James Webb Space Telescope fully assembled in California – Spaceflight Now
Teams working in Northrop Grumman’s spacecraft factory in Southern California have connected the spacecraft and science modules of the James Webb Space Telescope for the first time, a major milestone as engineers prepare to verify a fix to tears in the observatory’s sunshield, and begin launch vibration and acoustic testing in the coming months.
Technicians at Northrop Grumman’s facility in Redondo Beach, California, mated JWST’s telescope with its spacecraft bus Aug. 23. Since then, workers have been finalizing mechanical and electrical connections between the two main elements of the observatory, the most capable space telescope ever built.
“This is a huge milestone for us,” said Eric Smith, JWST’s program scientist at NASA Headquarters in Washington. “This is a program that was first kind of in people’s minds about 30 years ago. Some of the initial contracts went out in 2001 and 2002, and to see it in that clean room now is breathtaking. A lot of people have waited a long time for this. It’s wonderful to see.”

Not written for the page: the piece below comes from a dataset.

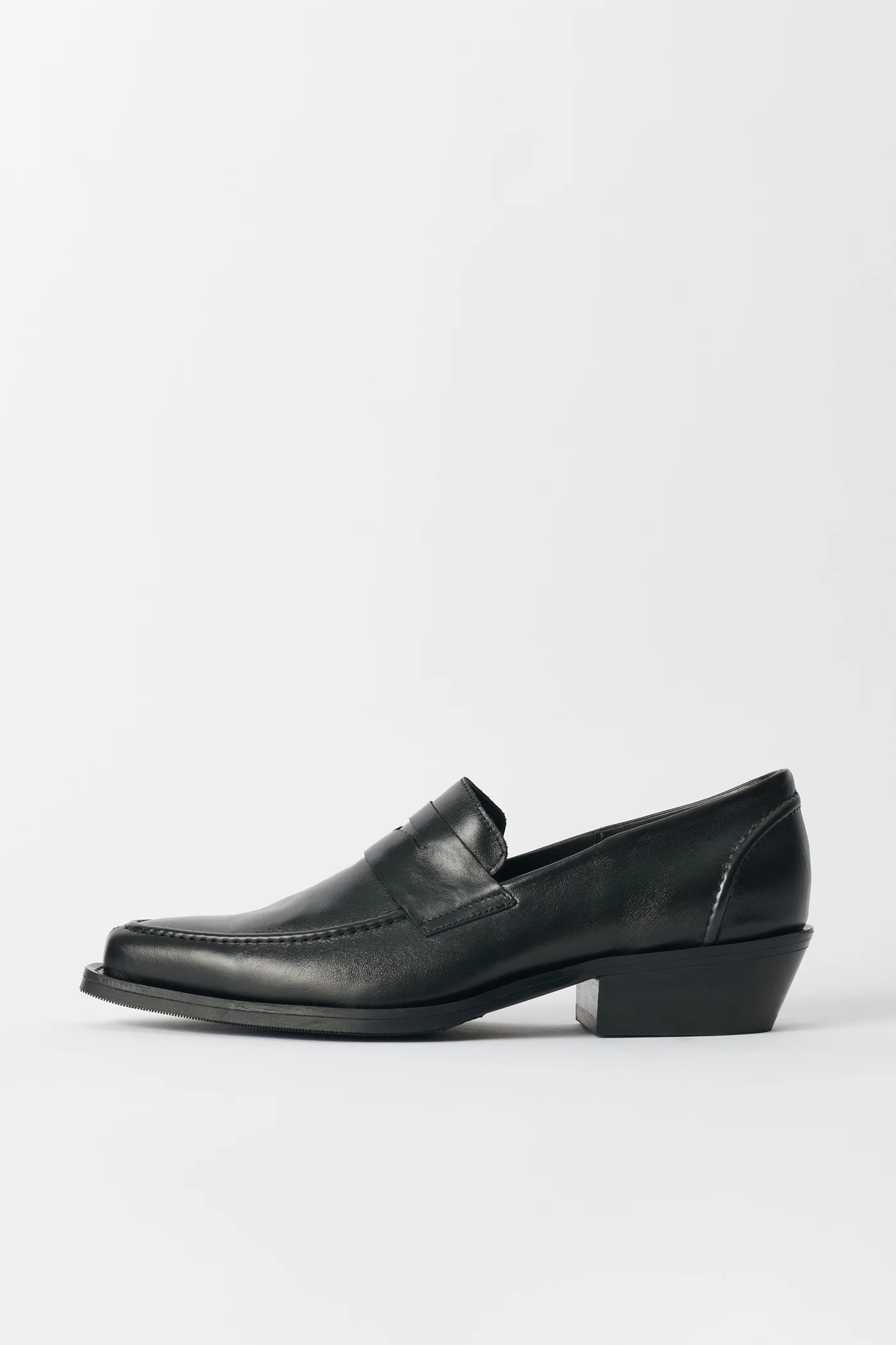 Details · Italian leather · Narrow pinch toe · Twin needle topstitched vamp · Front strap with penny slot · Leather midsole · Vibram sole · Stacked heel · Leather lined · A2257SSB Description Our Cypher Loafer in Sombre Satin Bovine. Produced in soft Italian leather, with a semi shine, the slip on Cypher Loafer features a narrow pinched toe, a Vibram sole, a leather midsole, twin needled topstiched vamp, a front strap with penny slot and a stacked heel. This product is crafted from carefully sourced leather. As a natural material, leather carries subtle traces of the animal's life. These natural imperfections bring a unique character to each product, expressing an original and authentic look. The product shall be shaped by its wearer and naturally distress over time to complete the design process.

Set for launch from French Guiana aboard a European Ariane 5 rocket in March 2021, the James Webb Space Telescope will cost more than $10 billion by the time its mission is complete, including contributions from NASA, the European Space Agency and the Canadian Space Agency.

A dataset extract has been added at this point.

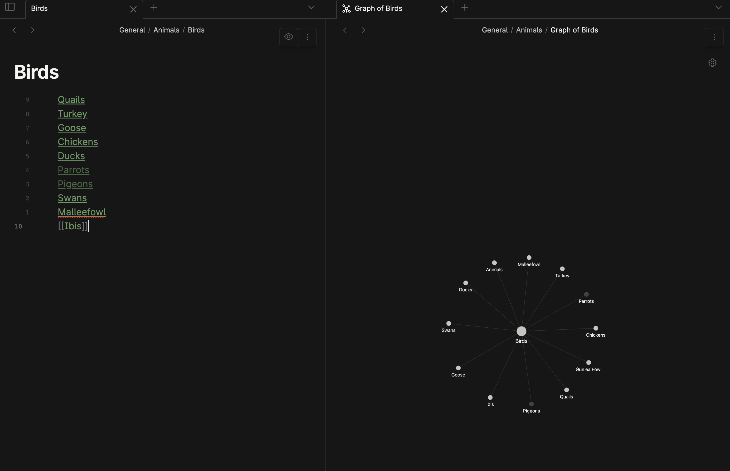 myVault/Unorganised/Quails.md;myVault/General/Animals/Turkey.md;myVault/General/Animals/Goose.md;myVault/Chickens.md;myVault/General/Animals/Ducks.md;myVault/Unorganised/Swans.md;myVault/General/Animals/Malleefowl.md;myVault/Unorganised/Ibis.md

NASA is bearing the bulk of the cost at around $9.7 billion. ESA is providing instrument hardware and a launch vehicle for Webb, and Canada built the fine guidance sensor and a spectrograph for the observatory.
“This is an exciting time to now see all Webb’s parts finally joined together into a single observatory for the very first time,” said Gregory Robinson, the Webb program director at NASA Headquarters. “The engineering team has accomplished a huge step forward and soon we will be able to see incredible new views of our amazing universe.”
Webb’s spacecraft and science modules have been individually tested at various steps of assembly over the past decade. Now it’s time to test the entire observatory in one piece.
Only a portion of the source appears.